The equipment fail of the trip was a spillover from an awesome trip I did with Mary the week before up in the Tolkien group, on a shiny new pair of ArcTeryx Vertex shoes, which on paper and in practice seem to be exactly the shoe I’ve been looking for as a mix of a hiker and a light climbing capable “approach shoe”, but unfortunately gave me savage blisters which made a lot of this trip super painful…
Based on the objective, and the work required to keep up with Jem, I opted to leave the bigger camera at home, so these are all iPhone shots, and I’m pretty happy with the results. Low light capabilities and a telephoto option were missed, but overall I think the quality is acceptable considering it is no extra weight!
Flowers on the slopes of Pelion
Low angle snow slope on the final push to the top of Pelion
Overview of the ascent route, following the Zenith/Tantalus Ridgeline, with Mount Tanatalus at the end.

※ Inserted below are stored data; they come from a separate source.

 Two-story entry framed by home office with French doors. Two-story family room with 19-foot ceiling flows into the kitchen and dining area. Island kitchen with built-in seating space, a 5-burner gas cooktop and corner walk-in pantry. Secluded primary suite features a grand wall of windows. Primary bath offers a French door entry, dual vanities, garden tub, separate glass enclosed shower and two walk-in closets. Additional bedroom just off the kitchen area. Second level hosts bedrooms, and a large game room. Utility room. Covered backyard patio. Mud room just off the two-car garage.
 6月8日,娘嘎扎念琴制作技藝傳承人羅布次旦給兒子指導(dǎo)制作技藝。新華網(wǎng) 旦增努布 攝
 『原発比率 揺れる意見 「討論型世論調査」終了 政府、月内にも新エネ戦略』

Closer shot on the Zenith ridge with the glacier crux
After grinding hard for 3 hours up from essentially sea level to 2100 metres at the Pelion Col, you are rewarded with a massive stoke boost taking in the breathtaking view of the route ahead. From a distance, the gnar level definitely looks high! Nerves and excitement start to pulse deeply through the veins, and a jolt of energy washes over tired legs.
This is why we’re here!
At the first technical crux: a traverse across a crevassed snow slope to a steep loose rock gully to gain the ridge. Nothing steep or difficult necessitating ropes, but from here on the mental game starts, where careful footwork and controlled movement is required to stay on your feet above consequential terrain.
Descending down on the far side of the previous climb onto the next snow slope, where you ascend high to the left to finally gain the proper Tantalus Ridgeline
At this point, the weather played into the mental game, with distant pockets of thundershowers to both the East and West. The lighting was beautiful, but immediately became aware of our exposed position on the ridge if a storm rolled through.

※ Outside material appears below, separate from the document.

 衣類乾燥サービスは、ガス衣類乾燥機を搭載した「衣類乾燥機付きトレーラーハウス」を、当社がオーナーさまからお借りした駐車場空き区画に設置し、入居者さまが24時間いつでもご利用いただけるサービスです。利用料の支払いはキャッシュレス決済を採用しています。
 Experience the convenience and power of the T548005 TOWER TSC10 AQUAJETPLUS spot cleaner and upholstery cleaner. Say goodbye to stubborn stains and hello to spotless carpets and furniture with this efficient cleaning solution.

We were about to receive another warning shortly…
Arriving at the “pièce de résistance” of the journey: kilometers of beautiful solid alpine granite scrambling leading towards Tantalus summit
As soon as we started moving across the ridge, I noticed a strange sound coming from my backpack. After a few moments of adjusting my pack to determine its source, I realized it was an audible “buzz” from my ice axe when facing upright! Above us was some light clouds, with a few thunderclouds looming in the distance, and so the electrostatic force in the air must have been enough to cause a reaction in the exposed metal of the axe. Jem confirmed the same, and so we very quickly retreated to better cover at a rocky pinnacle at the start of the ridge.
We assessed the weather situation, and it was clear that we were fortunate to be in a good spot with no significant weather moving in our direction. The forecast showed a clearing trend, so it felt like this was a “wait and see” situation, and be ready to move if conditions worsened.
Ominous thunderstorms surrounding your exposed position on an alpine ridge? A perfect opportunity for Moat Daddy to provide a little spark himself with a stylish costume change!
Also a good opportunity to take in the absolutely wild and appropriately named “Rumbling Glacier”. We were treated to numerous enormous serac falls, where house sized chunks of ice and snow crashed down the glacier in spectacular display.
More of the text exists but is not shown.